(Items listed in a dataset)
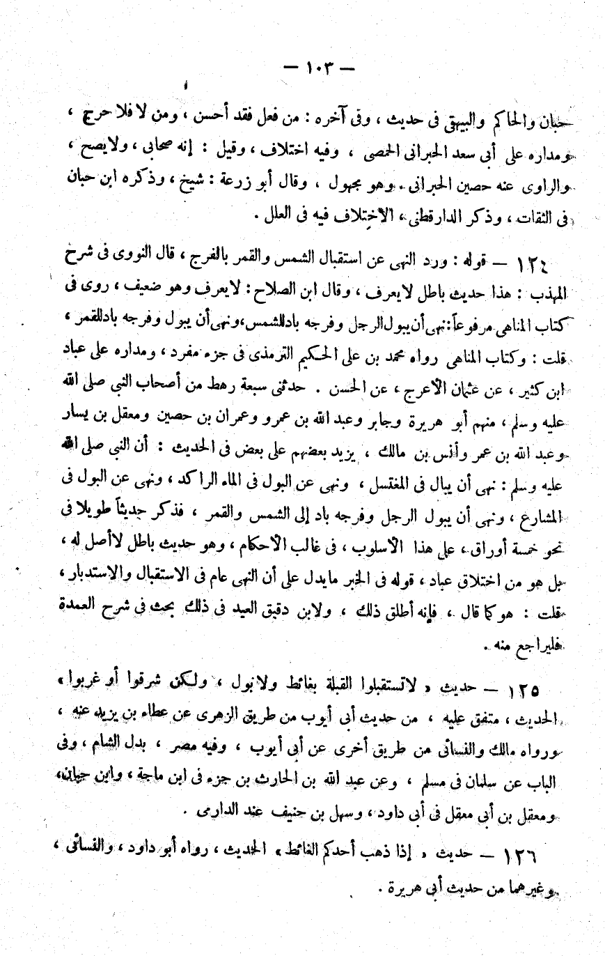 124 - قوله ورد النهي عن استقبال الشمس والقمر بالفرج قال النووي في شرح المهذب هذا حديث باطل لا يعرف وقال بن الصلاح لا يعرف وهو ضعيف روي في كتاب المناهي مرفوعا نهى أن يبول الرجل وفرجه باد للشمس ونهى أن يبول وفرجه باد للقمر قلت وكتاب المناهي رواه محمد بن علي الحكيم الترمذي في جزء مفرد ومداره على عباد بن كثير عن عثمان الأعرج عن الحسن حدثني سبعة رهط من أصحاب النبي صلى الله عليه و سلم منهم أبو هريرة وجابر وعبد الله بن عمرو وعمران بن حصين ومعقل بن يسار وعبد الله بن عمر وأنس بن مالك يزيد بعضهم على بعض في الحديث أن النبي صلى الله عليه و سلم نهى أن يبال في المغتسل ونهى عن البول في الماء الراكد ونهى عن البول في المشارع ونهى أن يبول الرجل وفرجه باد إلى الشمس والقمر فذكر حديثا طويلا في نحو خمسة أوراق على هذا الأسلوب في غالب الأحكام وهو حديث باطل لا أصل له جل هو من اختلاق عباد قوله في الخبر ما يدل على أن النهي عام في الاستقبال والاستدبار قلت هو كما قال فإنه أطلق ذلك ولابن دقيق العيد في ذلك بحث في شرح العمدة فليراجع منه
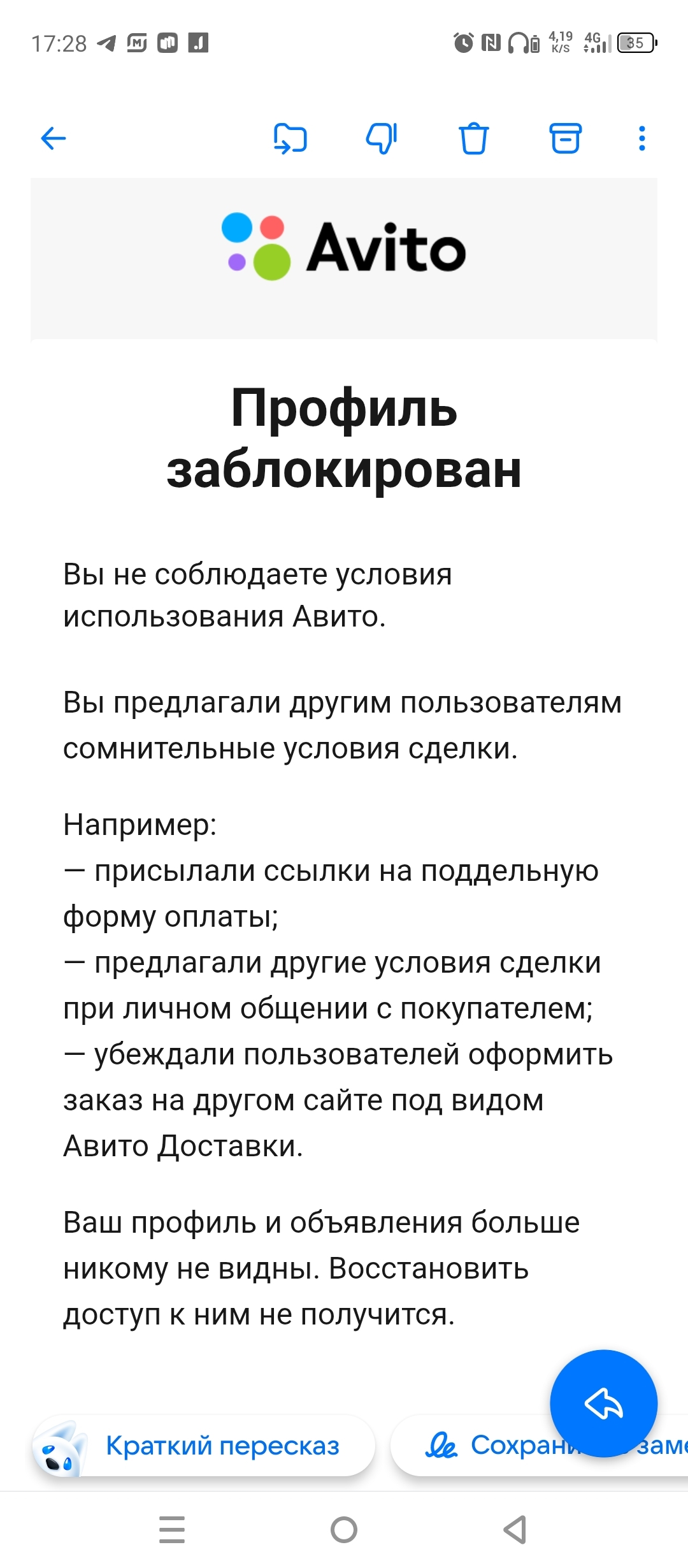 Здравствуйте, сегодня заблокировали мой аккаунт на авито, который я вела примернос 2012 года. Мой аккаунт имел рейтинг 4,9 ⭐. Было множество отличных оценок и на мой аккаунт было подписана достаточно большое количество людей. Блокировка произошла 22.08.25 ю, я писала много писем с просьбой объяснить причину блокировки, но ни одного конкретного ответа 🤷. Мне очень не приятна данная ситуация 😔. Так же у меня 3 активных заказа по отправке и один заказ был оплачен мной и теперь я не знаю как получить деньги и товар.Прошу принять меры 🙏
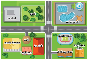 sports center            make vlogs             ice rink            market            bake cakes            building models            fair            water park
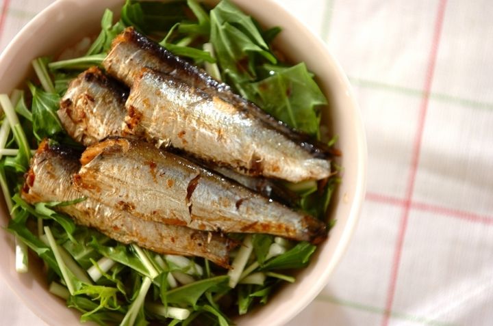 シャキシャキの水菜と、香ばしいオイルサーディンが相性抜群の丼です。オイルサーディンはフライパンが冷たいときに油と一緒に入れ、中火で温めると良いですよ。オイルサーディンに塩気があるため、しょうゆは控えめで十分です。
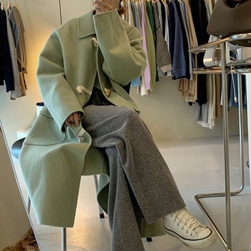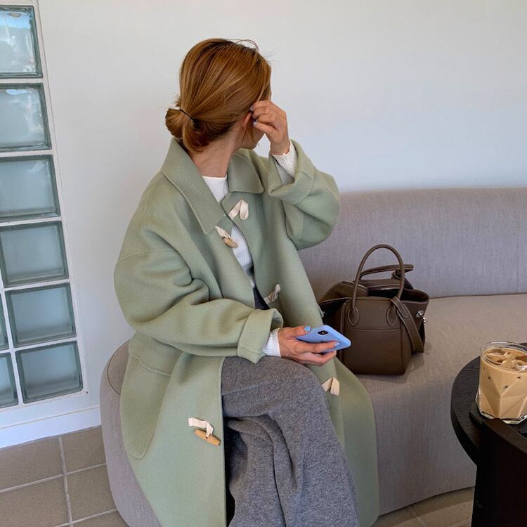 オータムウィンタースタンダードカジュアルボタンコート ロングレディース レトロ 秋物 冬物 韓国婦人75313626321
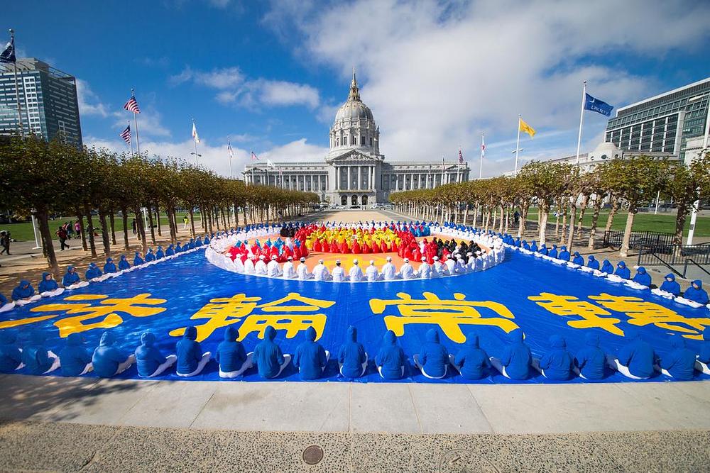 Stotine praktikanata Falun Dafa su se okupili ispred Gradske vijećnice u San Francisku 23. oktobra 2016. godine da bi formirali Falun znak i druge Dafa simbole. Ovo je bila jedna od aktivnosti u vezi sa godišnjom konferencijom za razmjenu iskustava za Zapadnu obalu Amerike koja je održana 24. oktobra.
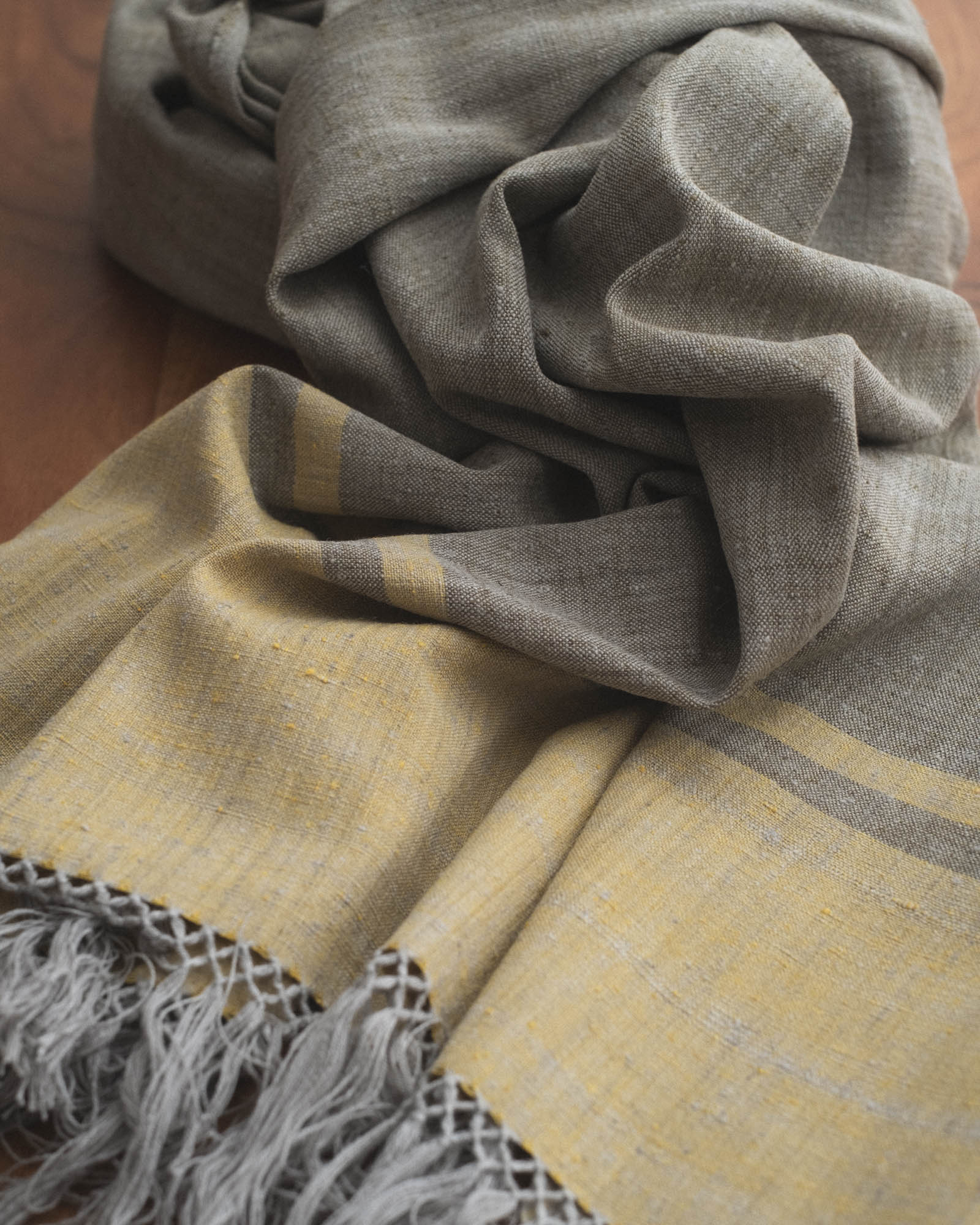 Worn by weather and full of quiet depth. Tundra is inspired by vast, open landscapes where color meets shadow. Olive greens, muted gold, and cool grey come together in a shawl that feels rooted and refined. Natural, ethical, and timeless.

» **Exercise aim**: Retype the records above exactly, leaving every picture out of your copy.

» **Result**:
 124 - قوله ورد النهي عن استقبال الشمس والقمر بالفرج قال النووي في شرح المهذب هذا حديث باطل لا يعرف وقال بن الصلاح لا يعرف وهو ضعيف روي في كتاب المناهي مرفوعا نهى أن يبول الرجل وفرجه باد للشمس ونهى أن يبول وفرجه باد للقمر قلت وكتاب المناهي رواه محمد بن علي الحكيم الترمذي في جزء مفرد ومداره على عباد بن كثير عن عثمان الأعرج عن الحسن حدثني سبعة رهط من أصحاب النبي صلى الله عليه و سلم منهم أبو هريرة وجابر وعبد الله بن عمرو وعمران بن حصين ومعقل بن يسار وعبد الله بن عمر وأنس بن مالك يزيد بعضهم على بعض في الحديث أن النبي صلى الله عليه و سلم نهى أن يبال في المغتسل ونهى عن البول في الماء الراكد ونهى عن البول في المشارع ونهى أن يبول الرجل وفرجه باد إلى الشمس والقمر فذكر حديثا طويلا في نحو خمسة أوراق على هذا الأسلوب في غالب الأحكام وهو حديث باطل لا أصل له جل هو من اختلاق عباد قوله في الخبر ما يدل على أن النهي عام في الاستقبال والاستدبار قلت هو كما قال فإنه أطلق ذلك ولابن دقيق العيد في ذلك بحث في شرح العمدة فليراجع منه
 Здравствуйте, сегодня заблокировали мой аккаунт на авито, который я вела примернос 2012 года. Мой аккаунт имел рейтинг 4,9 ⭐. Было множество отличных оценок и на мой аккаунт было подписана достаточно большое количество людей. Блокировка произошла 22.08.25 ю, я писала много писем с просьбой объяснить причину блокировки, но ни одного конкретного ответа 🤷. Мне очень не приятна данная ситуация 😔. Так же у меня 3 активных заказа по отправке и один заказ был оплачен мной и теперь я не знаю как получить деньги и товар.Прошу принять меры 🙏
 sports center            make vlogs             ice rink            market            bake cakes            building models            fair            water park
 シャキシャキの水菜と、香ばしいオイルサーディンが相性抜群の丼です。オイルサーディンはフライパンが冷たいときに油と一緒に入れ、中火で温めると良いですよ。オイルサーディンに塩気があるため、しょうゆは控えめで十分です。
 オータムウィンタースタンダードカジュアルボタンコート ロングレディース レトロ 秋物 冬物 韓国婦人75313626321
 Stotine praktikanata Falun Dafa su se okupili ispred Gradske vijećnice u San Francisku 23. oktobra 2016. godine da bi formirali Falun znak i druge Dafa simbole. Ovo je bila jedna od aktivnosti u vezi sa godišnjom konferencijom za razmjenu iskustava za Zapadnu obalu Amerike koja je održana 24. oktobra.
 Worn by weather and full of quiet depth. Tundra is inspired by vast, open landscapes where color meets shadow. Olive greens, muted gold, and cool grey come together in a shawl that feels rooted and refined. Natural, ethical, and timeless.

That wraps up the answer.